In Ollama, Gemma:9b works fine, but 27b seems to be producing a lot of nonsense for me. Asking for a bit of python or JavaScript code rapidly devolves into producing code-like gobbledegook, extending for hundreds of lines.
Had a chance to do some testing and it seems quite good on oneshot tasks with a small context window but as you approach context saturation it starts to go way off the rails. Maybe this is an implementation issue? I'm using Q6_K quants of both sizes in ollama. I'll report back if I figure it out.
A larger context window really helps on RAG tasks, it's frustrating that a lot of the foundational models have such small windows.
Sorry about this – working on fixing the issue with hitting the context limit. Gemma 2 supports a 8192 context limit – which can be selected if you provide the `num_ctx` parameter in the API or via `ollama run` with `/set parameter num_ctx 8192`
Thanks! If you have a moment can you give me a quick explainer on what happens when you hit the context limit in ollama?
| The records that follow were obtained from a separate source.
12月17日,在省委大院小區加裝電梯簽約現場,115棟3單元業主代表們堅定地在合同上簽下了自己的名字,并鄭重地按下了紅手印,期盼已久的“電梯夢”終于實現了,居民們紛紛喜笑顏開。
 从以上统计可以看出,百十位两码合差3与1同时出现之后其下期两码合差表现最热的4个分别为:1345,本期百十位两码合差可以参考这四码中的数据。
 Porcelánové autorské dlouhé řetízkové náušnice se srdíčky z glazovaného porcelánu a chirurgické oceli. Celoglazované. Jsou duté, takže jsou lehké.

I had assumed that ollama would just trunc the context to whatever is set in the model, but I guess this isn't the case?
Currently when the context limit is hit, there's a halving of the context window (or a "context shift") to allow inference to continue – this is helpful for smaller (e.g. 1-2k) context windows.
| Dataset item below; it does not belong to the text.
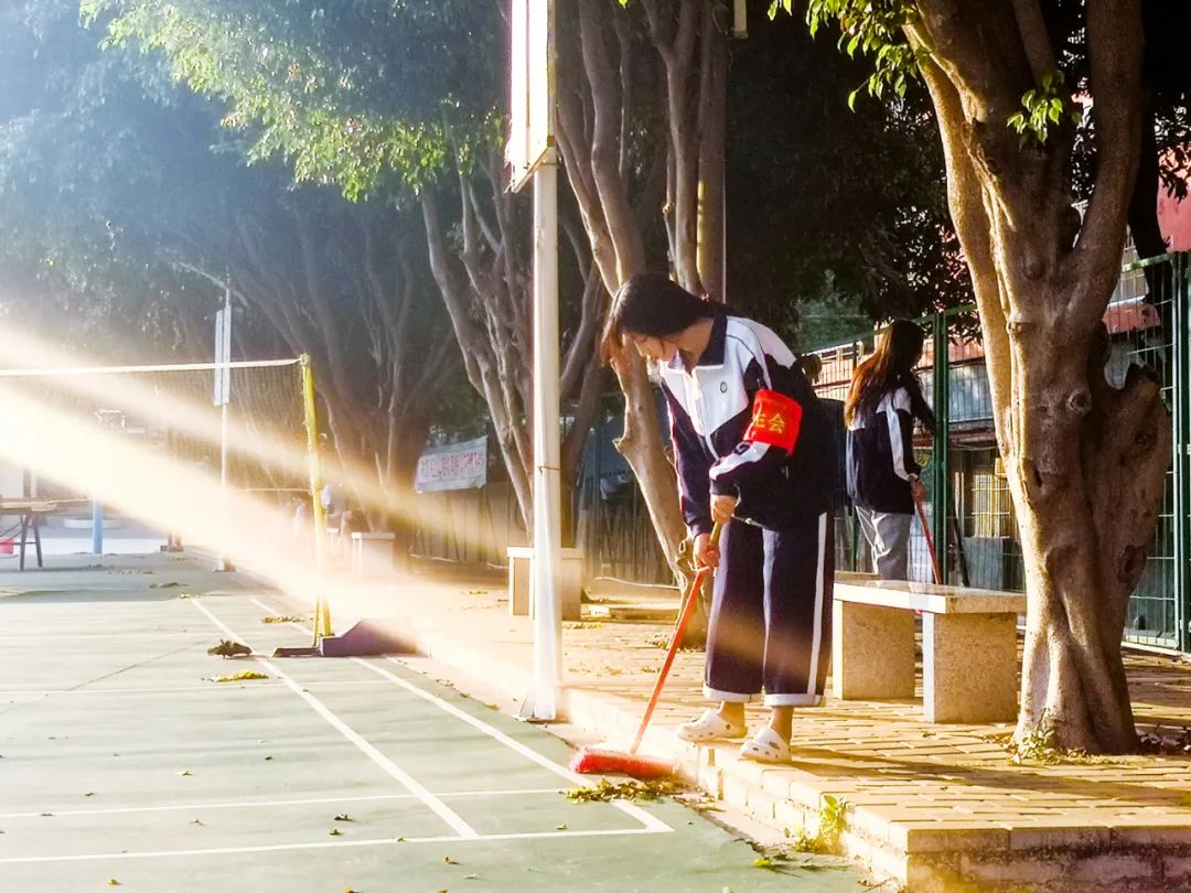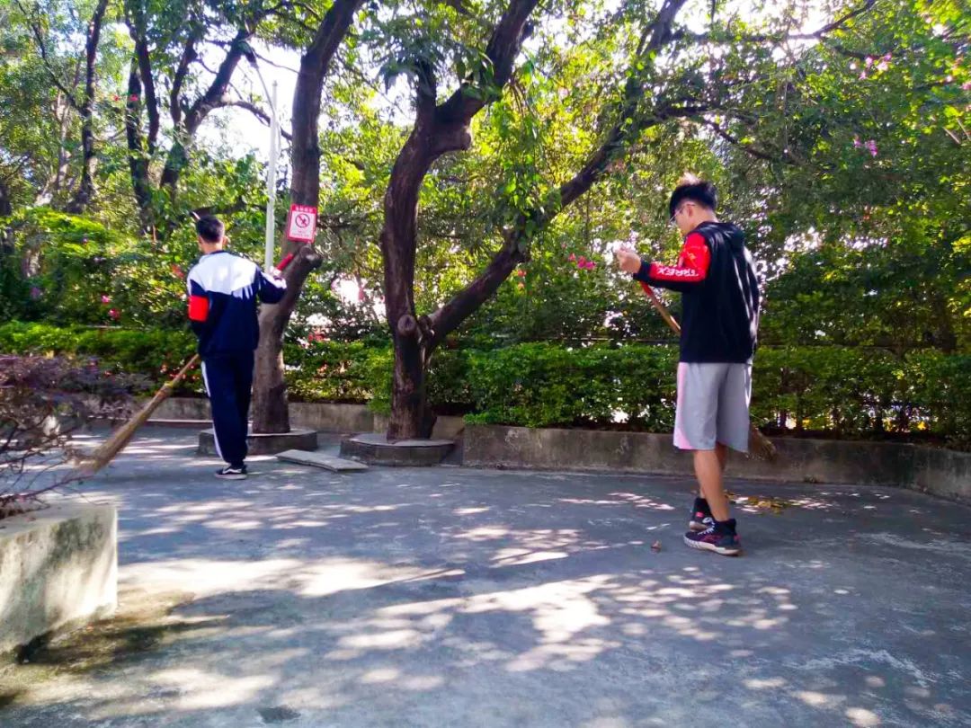 提前到達(dá)操場(chǎng)的是王廷榮、黃詩(shī)文、李仁懷、李燦彬、溫善媛等同學(xué)。他們揮動(dòng)著掃把便開(kāi)始“沙沙”地清掃落葉,掃地的聲音好像鳥(niǎo)兒在對(duì)他們唱歌,又像是在鼓勵(lì)他們:“勞動(dòng)的孩子最美麗”。

However, not all models (especially newer ones) respond well to this, which makes sense. We're working on changing the behavior in Ollama's API to be more similar to OpenAI, Anthropic and similar APIs so that when the context limit is hit, the API returns a "limit" finish/done reason. Hope this is helpful!
Definitely. I tried gemma2:27B model with phrases like "translate the following sentence to language X" and it even failed to understand the task and spat out completely irrelevant things, like math formulas.